Task material:
-------

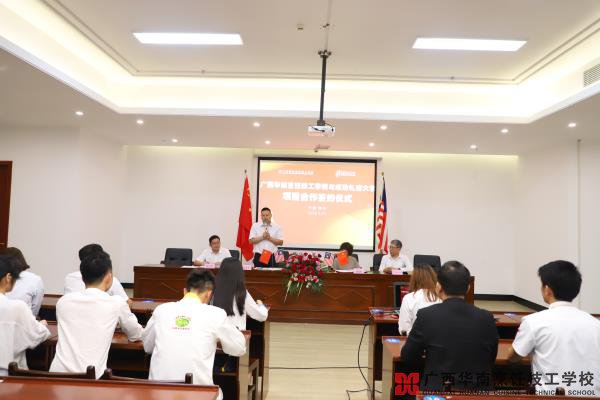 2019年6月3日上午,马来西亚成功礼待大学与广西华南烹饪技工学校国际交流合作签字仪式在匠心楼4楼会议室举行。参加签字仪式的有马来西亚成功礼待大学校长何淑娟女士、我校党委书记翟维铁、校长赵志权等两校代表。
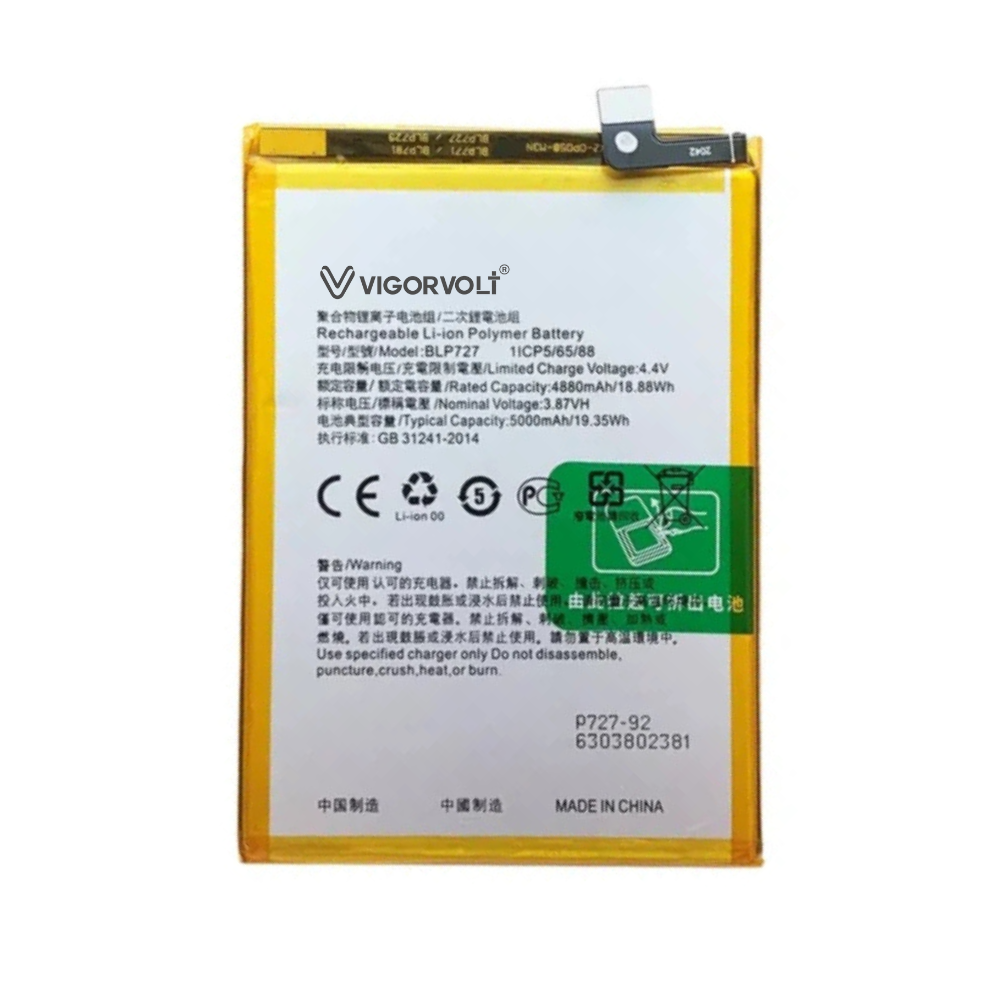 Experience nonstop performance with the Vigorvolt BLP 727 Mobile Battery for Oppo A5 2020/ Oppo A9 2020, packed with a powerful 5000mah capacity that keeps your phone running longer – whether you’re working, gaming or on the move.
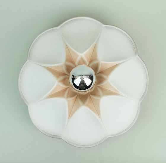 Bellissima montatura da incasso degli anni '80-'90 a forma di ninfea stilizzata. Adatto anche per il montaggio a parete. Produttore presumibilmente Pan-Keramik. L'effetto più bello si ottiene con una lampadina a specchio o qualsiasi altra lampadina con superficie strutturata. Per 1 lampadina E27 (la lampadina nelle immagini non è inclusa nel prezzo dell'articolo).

-------

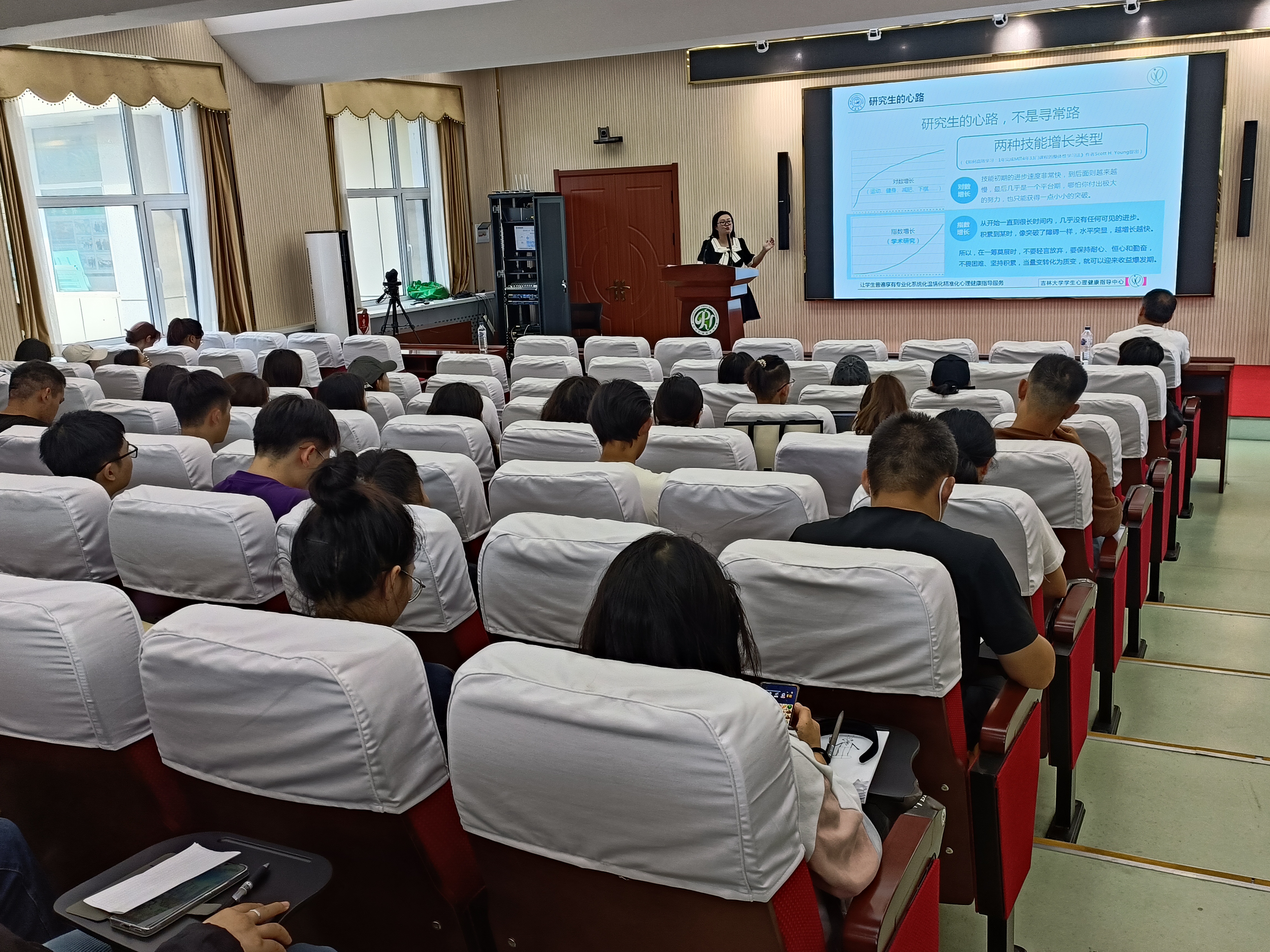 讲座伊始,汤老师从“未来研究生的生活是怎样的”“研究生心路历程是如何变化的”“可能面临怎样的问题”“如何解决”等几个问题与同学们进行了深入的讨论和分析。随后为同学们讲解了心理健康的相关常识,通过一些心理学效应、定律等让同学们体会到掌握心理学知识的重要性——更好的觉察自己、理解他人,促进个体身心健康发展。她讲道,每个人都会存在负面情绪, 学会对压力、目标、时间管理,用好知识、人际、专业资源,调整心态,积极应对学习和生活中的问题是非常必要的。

-------

Assignment: Take the entries above and copy exactly the lines starting at the one with "2019年6月3日上午,马来" and ending at the one with "Bellissima montatura da"; nothing outside that span, and no pictures.

Answer for this exercise:
 2019年6月3日上午,马来西亚成功礼待大学与广西华南烹饪技工学校国际交流合作签字仪式在匠心楼4楼会议室举行。参加签字仪式的有马来西亚成功礼待大学校长何淑娟女士、我校党委书记翟维铁、校长赵志权等两校代表。
 Experience nonstop performance with the Vigorvolt BLP 727 Mobile Battery for Oppo A5 2020/ Oppo A9 2020, packed with a powerful 5000mah capacity that keeps your phone running longer – whether you’re working, gaming or on the move.
 Bellissima montatura da incasso degli anni '80-'90 a forma di ninfea stilizzata. Adatto anche per il montaggio a parete. Produttore presumibilmente Pan-Keramik. L'effetto più bello si ottiene con una lampadina a specchio o qualsiasi altra lampadina con superficie strutturata. Per 1 lampadina E27 (la lampadina nelle immagini non è inclusa nel prezzo dell'articolo).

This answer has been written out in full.